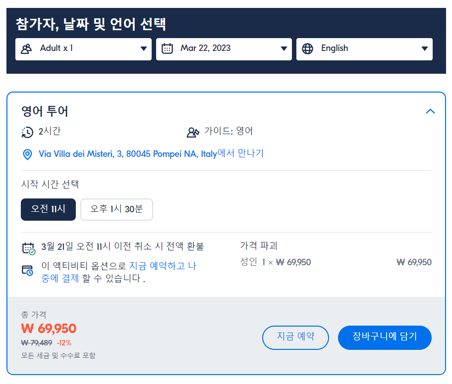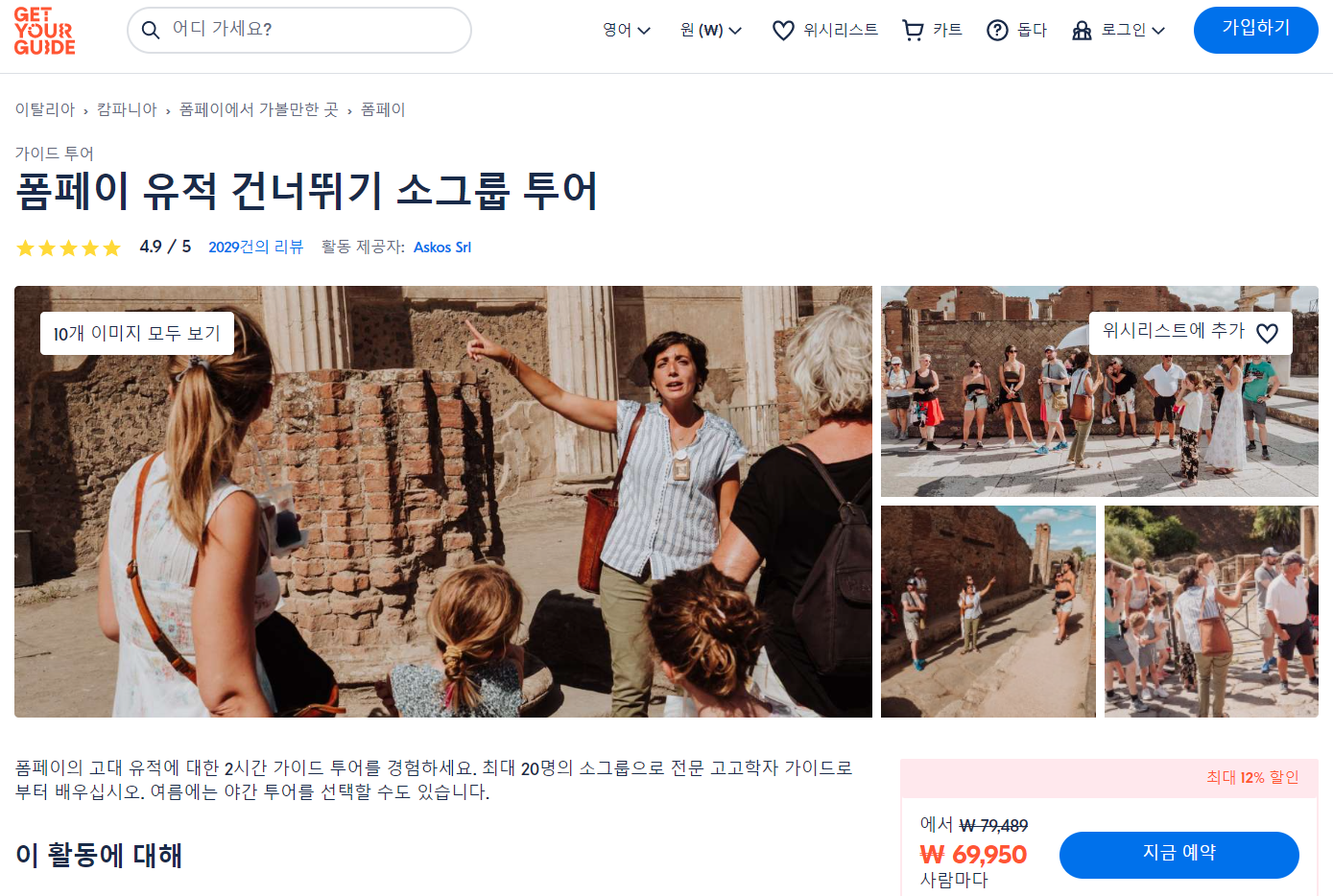 폼페이의 고대 유적 2시간 가이드 투어는 GET YOUR GUIDE 사이트에서 예약하실 수 있습니다. 사이트는 특히 전세계 대부분의 나라, 지역의 투어, 교통편 있어, 쉽게 찾을 수 없는 여행지의 다양한 투어 및 서비스를 이용할 수 있는 글로벌 사이트로 한국어사이트는 지원하지 않습니다. (글로벌 한국어 여행사이트를 찾으신다면 klook 여행사이트 추천합니다. 함께 사용하시면 더욱 편하게 여행하실 수 있습니다. klook에 찾는 정보가 없다면 GET YOUR GUIDE에서 찾으시면 됩니다.)
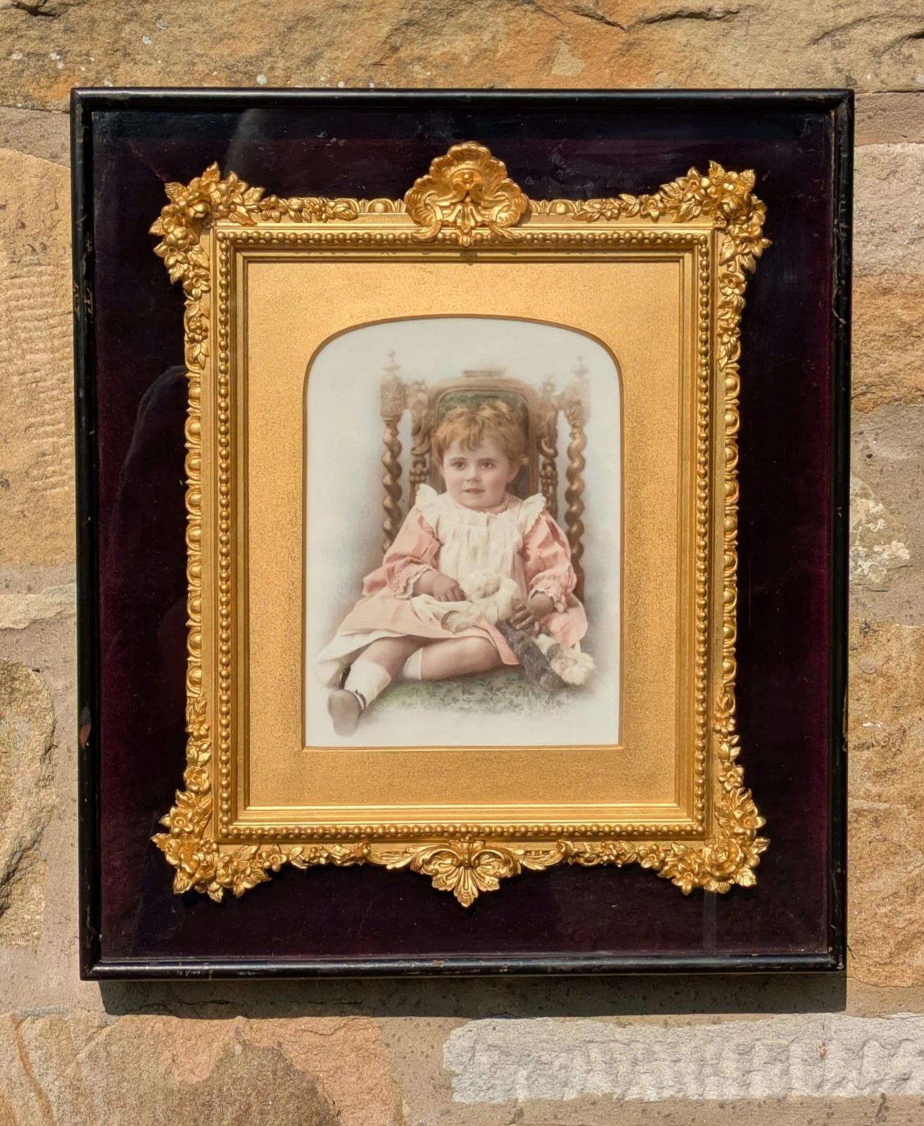 Rare Victorian Gilt Frame Deep Glazed Box Velvet Mount Child Portrait
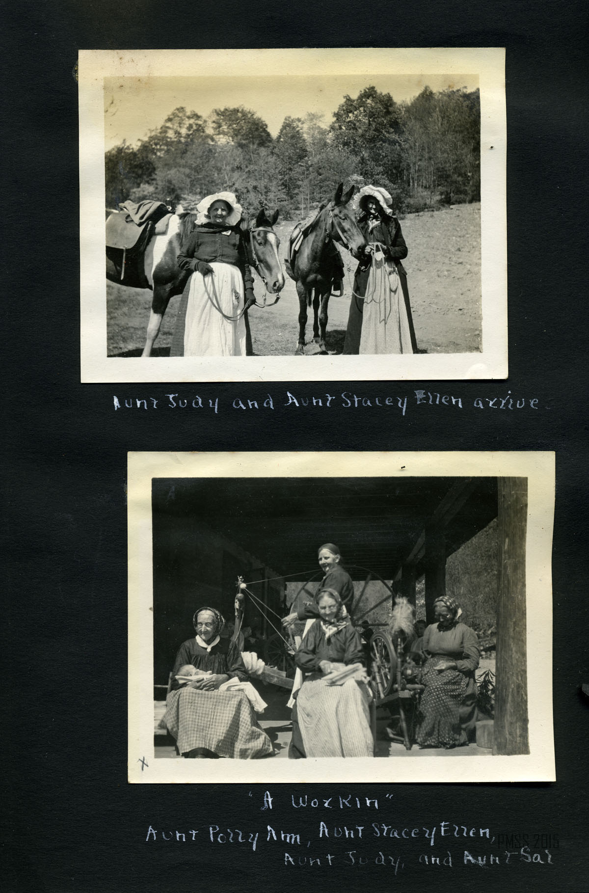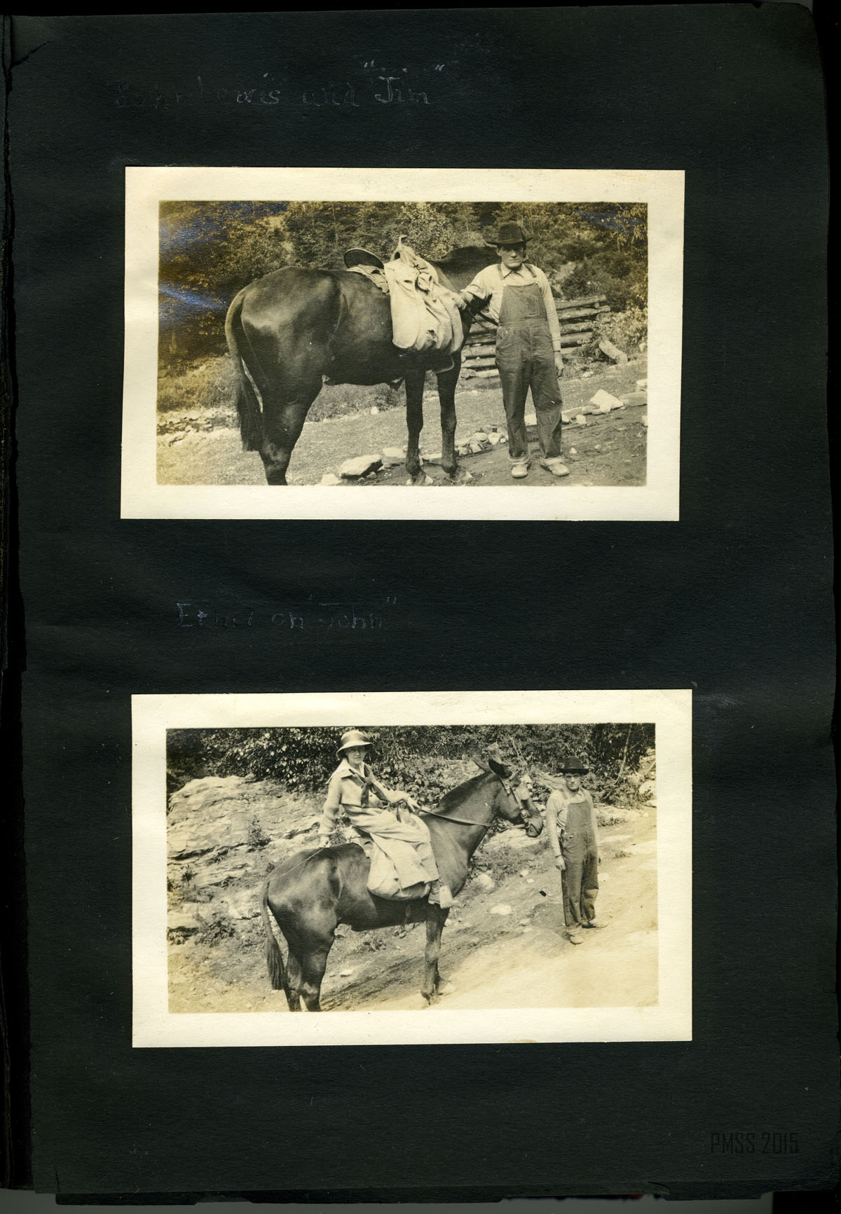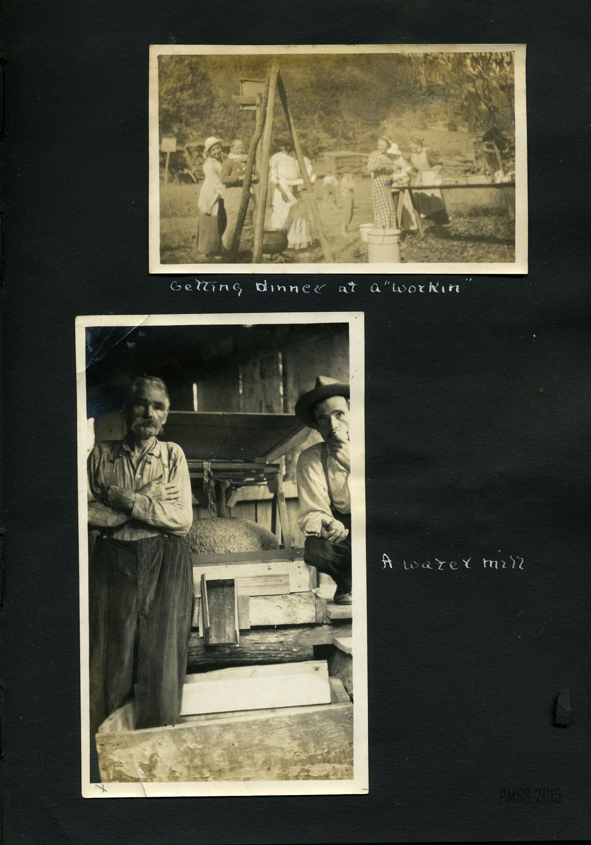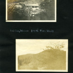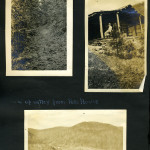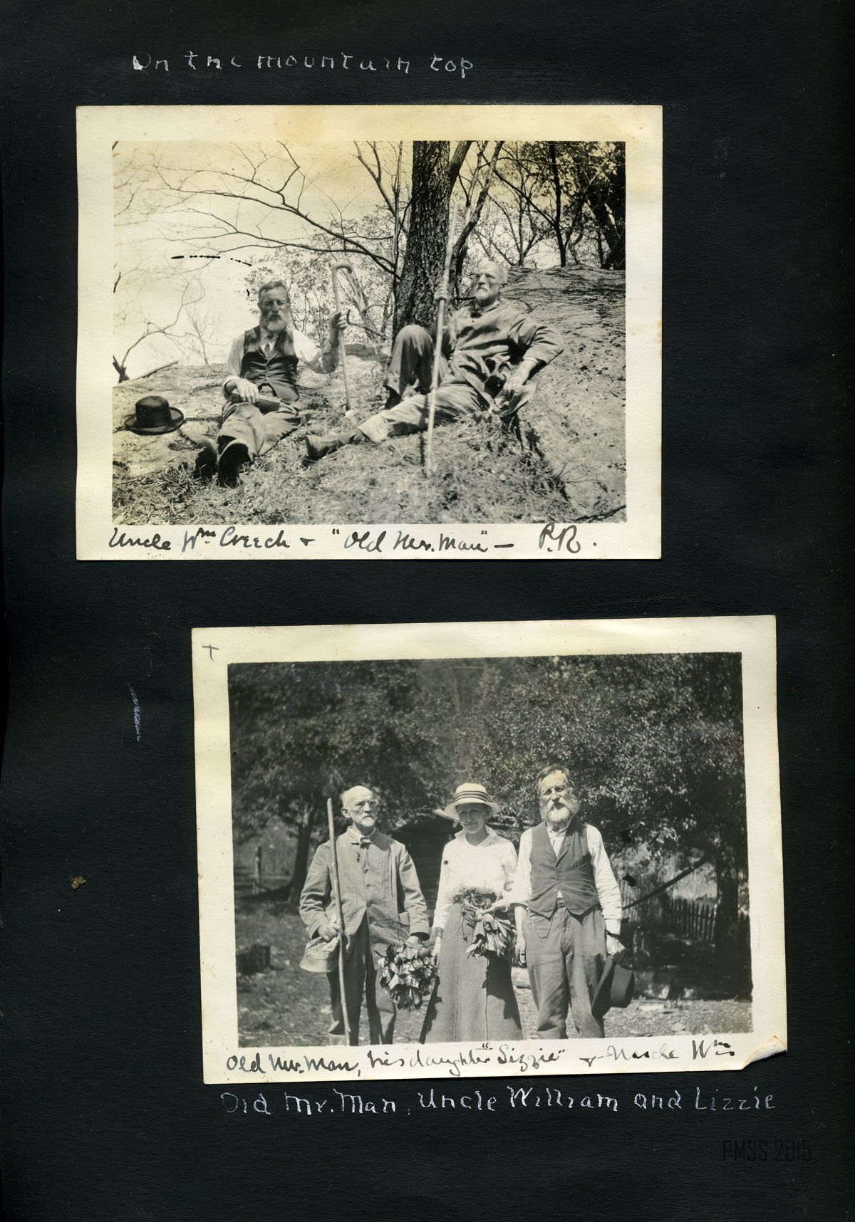 056a On the mountain top. Uncle Wm. Creech and “Old Mr. Man” – P.R. [Two older men: William Creech and Philip Roettinger sitting, Creech on left holding a cane, hat on the rock at left, Roettinger at right holding a walking stick.] ; 056b Old Mr. Man, Uncle William and Lizzie. [Philip Roettinger at left holding walking stick and plants, Elisabeth Roettinger in center holding plants, William Creech at right holding hat in hand.] ; 057a Getting dinner at a “workin.” [Three women at left by a “teepee” of three logs, three women at a table of food at right, two boys in background.] ; 057b A water mill. [Two men: older man standing at left with arms crossed, younger man squatting at right with food to his mouth.] ; 058a Mary Ann Begley. [Young woman standing in a clearing with forest in the background.] ; 058b Dot and Chester. [Man and woman on a mule.] ; 059a Dot and Chester, Carman, Miss Gaines, Olga, and Oscar. [Six men and women lined up on five horses and mules?; fence in background.] ; 059b Down Gabe’s Branch. [Four people: three riding on mules, one standing going down a forest trail.] ; 060a Uncle Lewis and Aunt Katie Creech, Poorfork. [Three women at left, an older man and woman, and two young girls; large building in back at right.] ; 060b Annie and the “lil” dog. [Young woman at left, dog jumping straight up at right, building in back.] ; 061a View from the porch at Uncle Lewis’. [Roof of building in lower left corner, mountains in the distance.] ; 061b “Big Black” from near Poorfork. [Bridge visible in foreground, buildings and mountains in background.]
● ● ● ● ● ● ●
*Exercise directions*.
Reproduce the whole listing above word for word, but not its pictures.

*Solution to this problem*.
 폼페이의 고대 유적 2시간 가이드 투어는 GET YOUR GUIDE 사이트에서 예약하실 수 있습니다. 사이트는 특히 전세계 대부분의 나라, 지역의 투어, 교통편 있어, 쉽게 찾을 수 없는 여행지의 다양한 투어 및 서비스를 이용할 수 있는 글로벌 사이트로 한국어사이트는 지원하지 않습니다. (글로벌 한국어 여행사이트를 찾으신다면 klook 여행사이트 추천합니다. 함께 사용하시면 더욱 편하게 여행하실 수 있습니다. klook에 찾는 정보가 없다면 GET YOUR GUIDE에서 찾으시면 됩니다.)
 Rare Victorian Gilt Frame Deep Glazed Box Velvet Mount Child Portrait
 056a On the mountain top. Uncle Wm. Creech and “Old Mr. Man” – P.R. [Two older men: William Creech and Philip Roettinger sitting, Creech on left holding a cane, hat on the rock at left, Roettinger at right holding a walking stick.] ; 056b Old Mr. Man, Uncle William and Lizzie. [Philip Roettinger at left holding walking stick and plants, Elisabeth Roettinger in center holding plants, William Creech at right holding hat in hand.] ; 057a Getting dinner at a “workin.” [Three women at left by a “teepee” of three logs, three women at a table of food at right, two boys in background.] ; 057b A water mill. [Two men: older man standing at left with arms crossed, younger man squatting at right with food to his mouth.] ; 058a Mary Ann Begley. [Young woman standing in a clearing with forest in the background.] ; 058b Dot and Chester. [Man and woman on a mule.] ; 059a Dot and Chester, Carman, Miss Gaines, Olga, and Oscar. [Six men and women lined up on five horses and mules?; fence in background.] ; 059b Down Gabe’s Branch. [Four people: three riding on mules, one standing going down a forest trail.] ; 060a Uncle Lewis and Aunt Katie Creech, Poorfork. [Three women at left, an older man and woman, and two young girls; large building in back at right.] ; 060b Annie and the “lil” dog. [Young woman at left, dog jumping straight up at right, building in back.] ; 061a View from the porch at Uncle Lewis’. [Roof of building in lower left corner, mountains in the distance.] ; 061b “Big Black” from near Poorfork. [Bridge visible in foreground, buildings and mountains in background.]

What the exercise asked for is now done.